◆ Material to process ◆
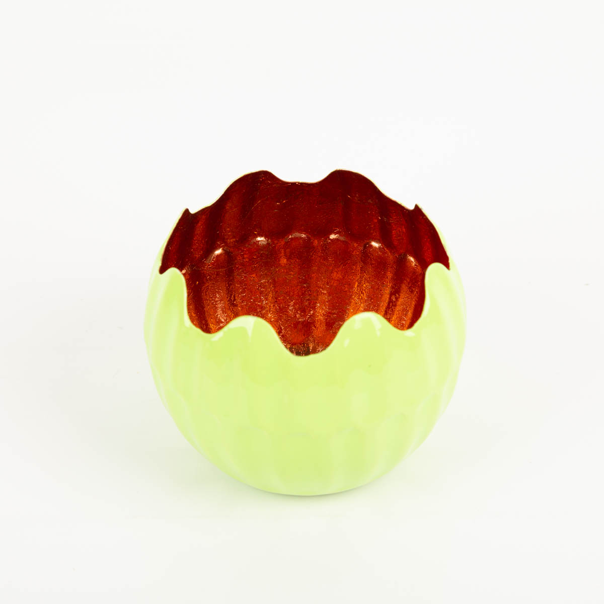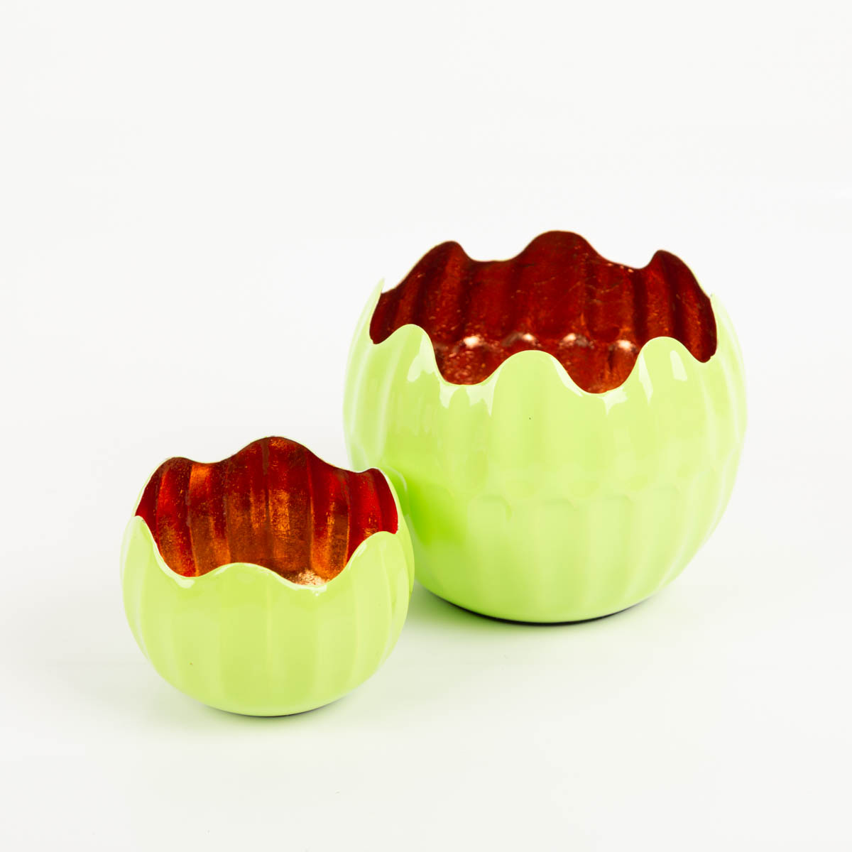 WARMER LICHTEFFEKT: Windlicht Holi in Neon-Grün mit kupferfarbener Innenseite – reflektiert Kerzenlicht weich und gemütlich
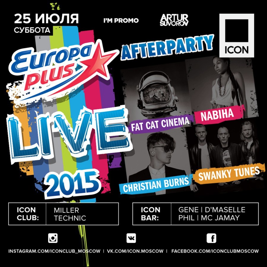 Guest: ICON (Moscow), ICON BAR (Moscow), GIPSY (Moscow), NuBar (ICON / Deep room) (Moscow), RAЙ (Ufa), Icon (Volgograd), Buddha Bar (Moscow), Wow (Moscow), My Moscow Disco (Moscow), Maxim (Moscow), LOOKIN ROOMS (Moscow), ICON Residence (Istra), ZALL  (Moscow), Sky (Sochi), Romanov (Moscow), Батыр (Naberezhnye CHelny), Hype (Kishinev), Maison (Tolyatti), Renaissance (CHeboksary), 16 Тонн (Moscow), ЧЕРДАК (Moscow), Chips (Moscow), HOUDINI (Moscow), Tiffani (Nizhnii Novgorod), The Standard (Moscow), Sanctions (Moscow), Апельсин (YAlta), IDOL (Kazan), Extra Lounge (Serpuhov), Подмосковье (Podolsk)
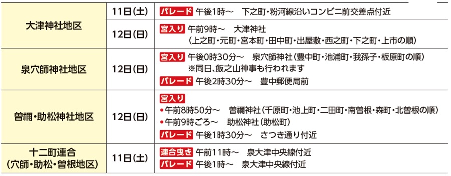 ※5日(日)の試験曳きについては、各町都合により午前曳行の可能性があります。
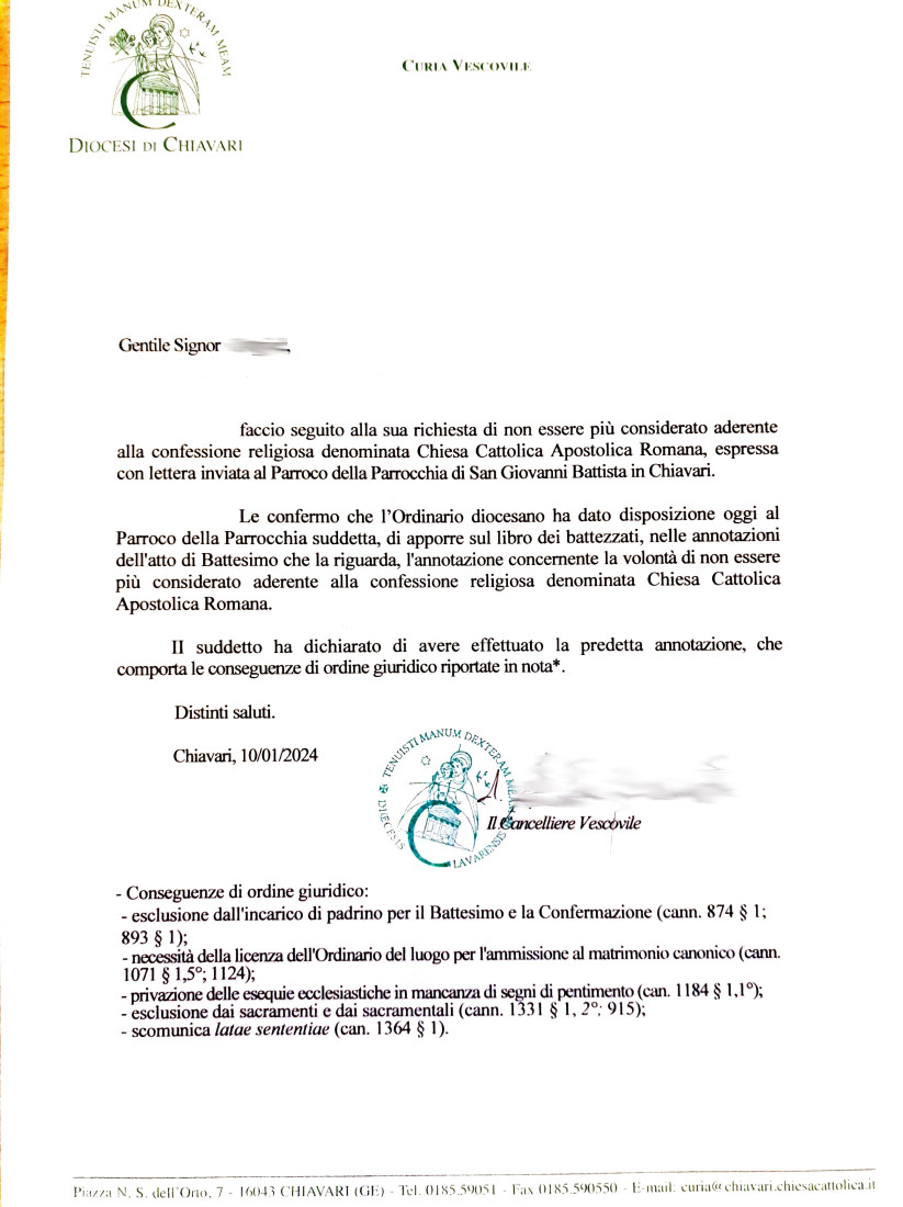 Una persona ha chiesto la rettifica dei dati relativi al proprio battesimo avvenuto a S. Giacomo di Rupinaro - CHIAVARI (GE) il 10/01/2024, dichiarando di non voler più far parte della Chiesa Cattolica.
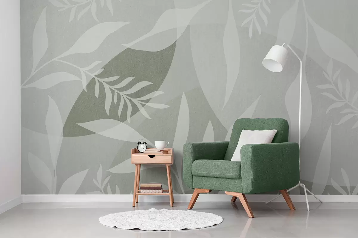 Fototapeten Silhouetten von Zweigen auf einem Hintergrund von abstrakten Kreisen, Schattierungen von Grün N° w04270v2
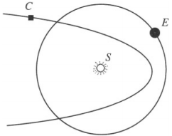 Encontre o tempo máximo que um cometa (C) de massa m que segue uma trajetória parabólica em torno do Sol (S) pode passar dentro da órbita da Terra (E).Suponha que a órbita da Terra é circular e no mesmo plano que a do cometa .
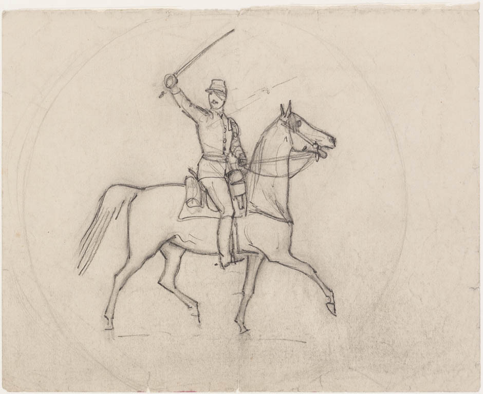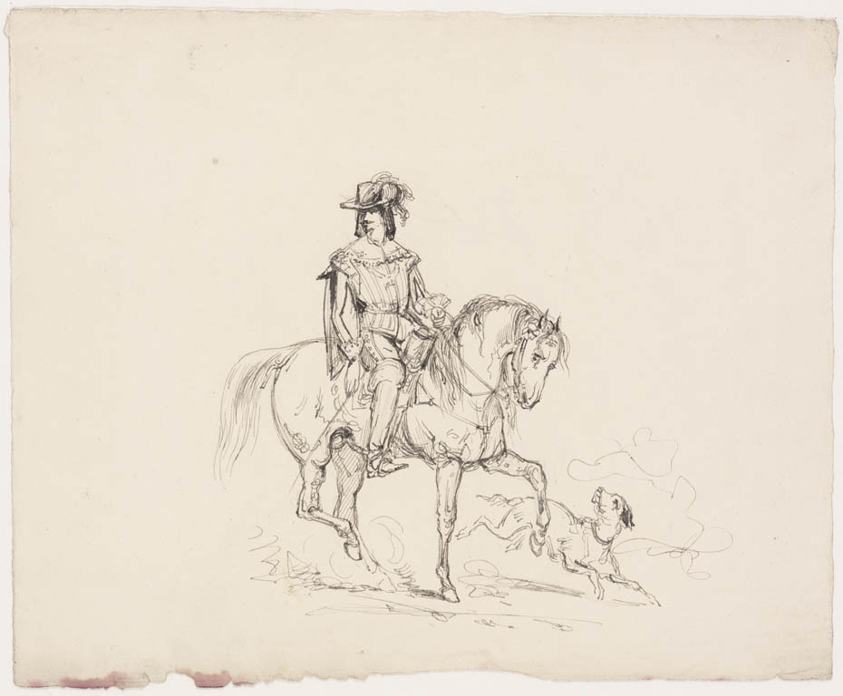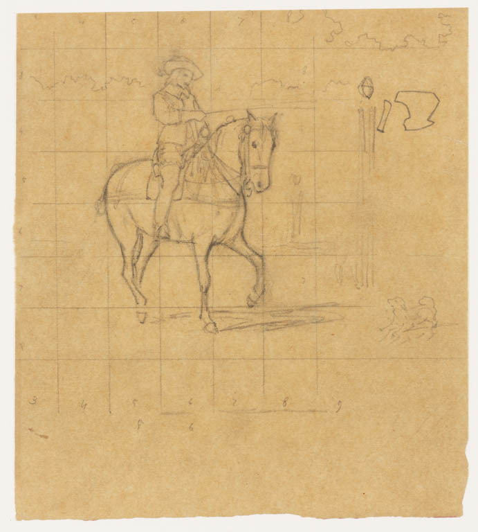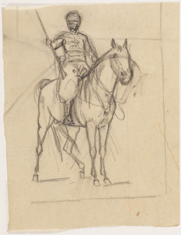Schets van gewapende ruiter te paard

◆ Problem description ◆
Without including any pictures, repeat the records above exactly.

◆ Your solution ◆
 WARMER LICHTEFFEKT: Windlicht Holi in Neon-Grün mit kupferfarbener Innenseite – reflektiert Kerzenlicht weich und gemütlich
 Guest: ICON (Moscow), ICON BAR (Moscow), GIPSY (Moscow), NuBar (ICON / Deep room) (Moscow), RAЙ (Ufa), Icon (Volgograd), Buddha Bar (Moscow), Wow (Moscow), My Moscow Disco (Moscow), Maxim (Moscow), LOOKIN ROOMS (Moscow), ICON Residence (Istra), ZALL  (Moscow), Sky (Sochi), Romanov (Moscow), Батыр (Naberezhnye CHelny), Hype (Kishinev), Maison (Tolyatti), Renaissance (CHeboksary), 16 Тонн (Moscow), ЧЕРДАК (Moscow), Chips (Moscow), HOUDINI (Moscow), Tiffani (Nizhnii Novgorod), The Standard (Moscow), Sanctions (Moscow), Апельсин (YAlta), IDOL (Kazan), Extra Lounge (Serpuhov), Подмосковье (Podolsk)
 ※5日(日)の試験曳きについては、各町都合により午前曳行の可能性があります。
 Una persona ha chiesto la rettifica dei dati relativi al proprio battesimo avvenuto a S. Giacomo di Rupinaro - CHIAVARI (GE) il 10/01/2024, dichiarando di non voler più far parte della Chiesa Cattolica.
 Fototapeten Silhouetten von Zweigen auf einem Hintergrund von abstrakten Kreisen, Schattierungen von Grün N° w04270v2
 Encontre o tempo máximo que um cometa (C) de massa m que segue uma trajetória parabólica em torno do Sol (S) pode passar dentro da órbita da Terra (E).Suponha que a órbita da Terra é circular e no mesmo plano que a do cometa .
Schets van gewapende ruiter te paard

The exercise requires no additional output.